The aim of this study was to analyze the phylogenetic relationship between Explanatum explanatum populations in India and other countries of the Indian subcontinent. Seventy liver amphistomes collected from four localities in India were identified as E. explanatum based on the nucleotide sequences of ribosomal ITS2. The flukes were then analyzed phylogenetically based on the nucleotide sequence of the mitochondrial gene nad1 in comparison with flukes from Bangladesh and Nepal. In the resulting phylogenetic tree, the nad1 haplotypes from India were divided into four clades, and the flukes showing the haplotypes of clades A and C were predominant in India. The haplotypes of the clades A and C have also been detected in Bangladesh and Nepal, and therefore, it seems they occur commonly throughout the Indian subcontinent. The results of AMOVA suggested that gene flow was likely to occur between E. explanatum populations in these countries. These countries are geographically close and have been historically and culturally connected to each other, and therefore, the movements of host ruminants among these countries might have been involved in the migration of the flukes and their gene flow.

The family Paramphistomidae includes 19 genera and over 70 species, and its members are well-known parasites, mainly of livestock [11]. Immature flukes of almost all species of the family cause intestinal paramphistomiasis in ruminant hosts during their migration, while adult flukes commonly parasitize in the rumen and cause less damage to the host.
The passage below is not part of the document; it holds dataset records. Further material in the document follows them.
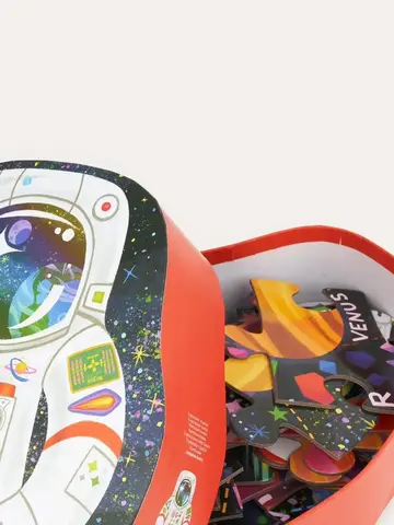 В красивой коробке, изготовленной в форме космонавта, маленьких любителей космоса ждет 36 деталей высокой плотности.
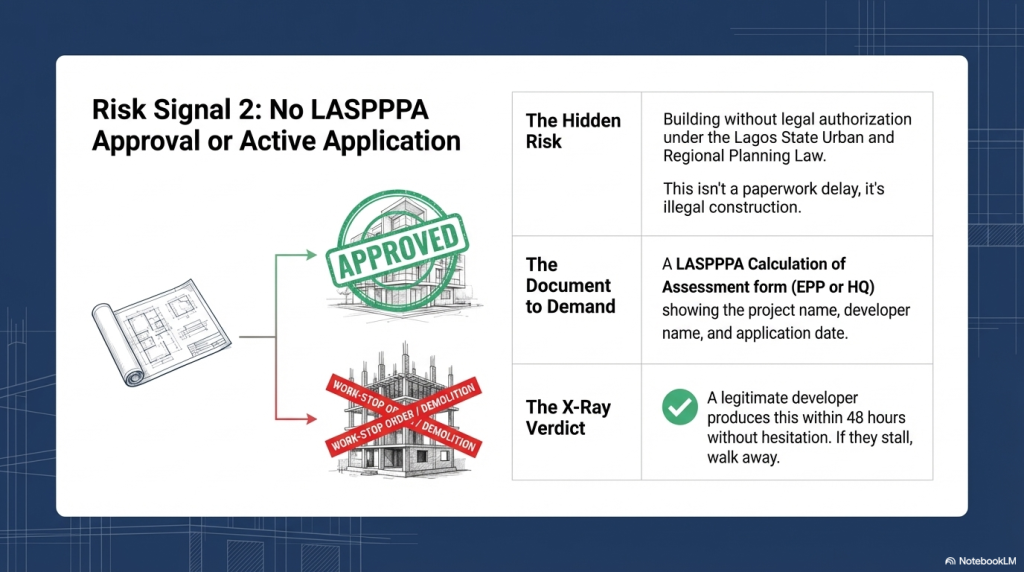 | WHY THESE SIGNALS MATTER The Lagos real estate market has regulatory layers that most investors outside the industry never see. LASPPPA approvals, C-of-O file verification, COREN-registered engineering oversight, these are not formalities. They are the paper trail that separates a legally compliant project from one that can be work-stopped, demolished, or abandoned without legal consequence to the developer. The checks below draw on the specific documentation that legitimate Lagos developers produce as a matter of course. If a project cannot produce these documents, that is not a paperwork delay. It is a signal. |
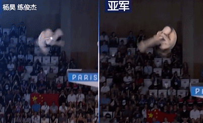我們把動作放慢,對冠亞軍選手動作作對比,不難發現,在空中轉體翻騰動作和入水水花上,中國的兩位選手明顯更勝一籌。
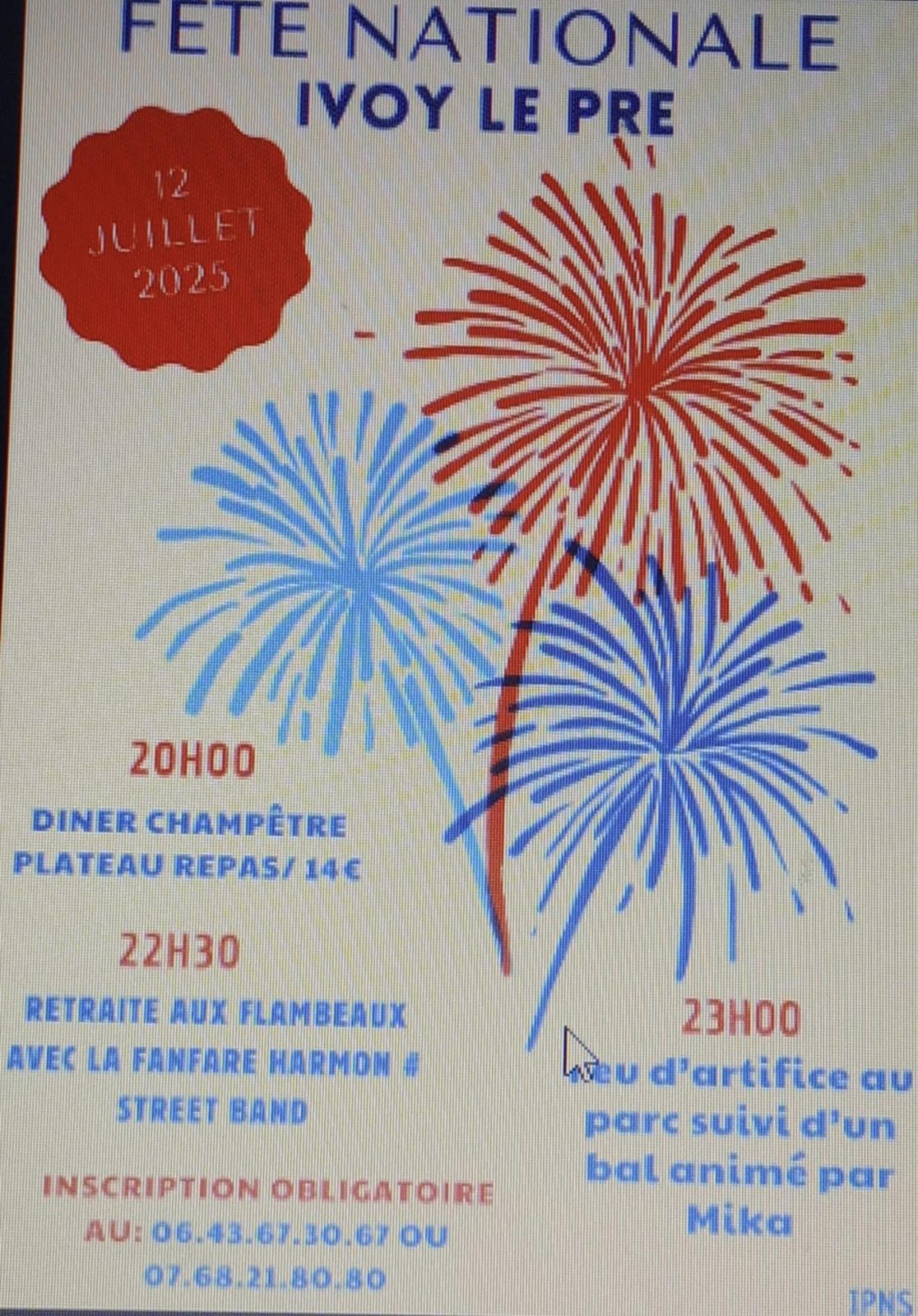 - 23h : feu d'artifice offert par la municipalité (au parc, route d'Henrichemont) suivi d'un bal
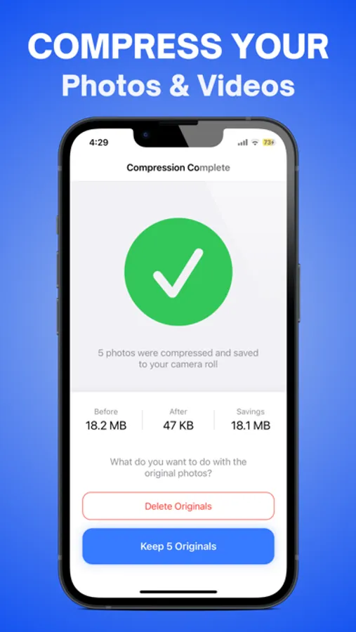 3. Your pictures and images will be instantly compressed and saved to your camera roll (saving your TONS of free storage on your iPhone)
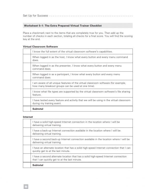 Featuring three must-do’s and five best practices for virtual training success. This checklist provides practical tips for virtual facilitators to design interactive classes, as well as how-to’s on preparing participants.

On the other hand, adult amphistomes of the genus Explanatum inhabit the bile duct and cause granulomatous lesions and thickening of the duct by attaching to the epithelium of the duct using the acetabulum (ventral sucker) [6, 13]. Explanatum infection causes economic losses to the livestock industry by decreasing daily product and growth rates. Explanatum explanatum, which is the type species of the genus, is distributed mainly in Asia and Africa and detected commonly in domestic ruminants in the Indian subcontinent [1, 6, 18]. In India, E. explanatum is widely distributed and can be commonly detected in the bile duct of buffaloes [3, 6, 16, 19].

Since the morphological identification of adult amphistomes requires specialized knowledge and techniques, molecular methods are used to precisely discriminate amphistomes [2, 17]. Recently, molecular identification methods based on the nucleotide sequence of the ribosomal internal transcribed spacer 2 (ITS2) have been developed for the precise identification of amphistomes, including E. explanatum [8, 9]. In addition, the nucleotide sequence of mitochondrial NADH dehydrogenase subunit 1 (nad1) has been used for intraspecific phylogenetic analysis in many helminth species [7, 12, 15]. However, no information about these molecular markers of E. explanatum in India has been reported yet. In this study, based on the ITS2 sequences, we identified liver amphistomes from India as E. explanatum and analyzed the intraspecific variation and phylogenetic relationship between the species from India and other countries of the Indian subcontinent on the basis of nad1 sequences.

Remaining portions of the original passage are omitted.